»»

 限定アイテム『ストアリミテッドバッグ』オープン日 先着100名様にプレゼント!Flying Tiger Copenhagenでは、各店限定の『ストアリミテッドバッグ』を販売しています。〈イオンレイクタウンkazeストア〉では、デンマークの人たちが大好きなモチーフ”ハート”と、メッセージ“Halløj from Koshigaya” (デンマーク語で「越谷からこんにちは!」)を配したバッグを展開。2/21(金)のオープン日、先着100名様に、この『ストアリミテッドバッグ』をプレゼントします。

««
»»

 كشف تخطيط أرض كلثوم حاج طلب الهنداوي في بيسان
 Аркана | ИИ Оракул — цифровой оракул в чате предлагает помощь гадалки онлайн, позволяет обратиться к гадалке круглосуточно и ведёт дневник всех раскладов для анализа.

««
»»

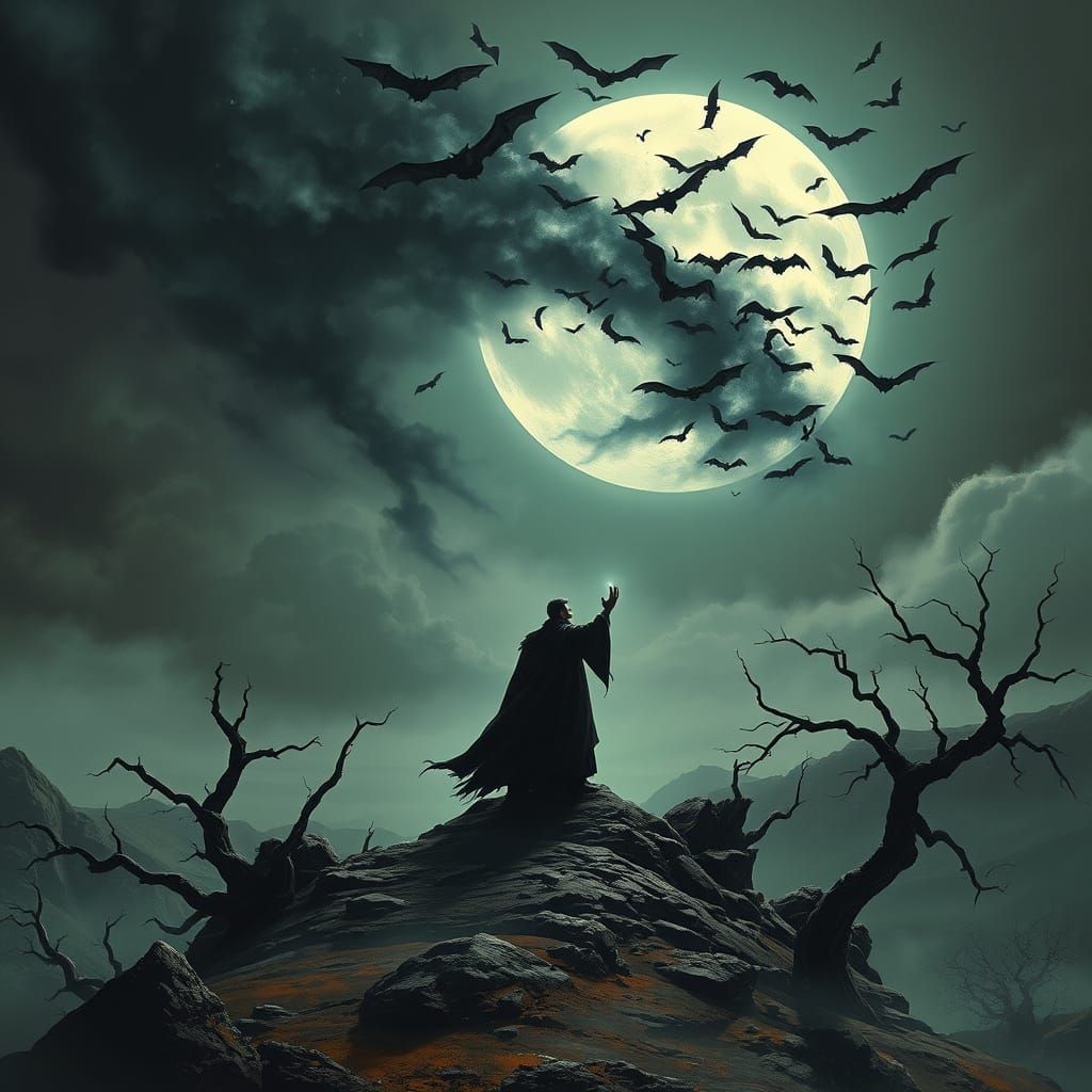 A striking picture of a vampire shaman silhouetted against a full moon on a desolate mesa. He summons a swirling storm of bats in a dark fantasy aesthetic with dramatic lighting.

««

### [TASK PROMPT]
Looking at the data above, return every line from the one with "كشف تخطيط أرض" down to the one with "Аркана | ИИ", exactly and inclusively.

### [TASK ANSWER]
 كشف تخطيط أرض كلثوم حاج طلب الهنداوي في بيسان
 Аркана | ИИ Оракул — цифровой оракул в чате предлагает помощь гадалки онлайн, позволяет обратиться к гадалке круглосуточно и ведёт дневник всех раскладов для анализа.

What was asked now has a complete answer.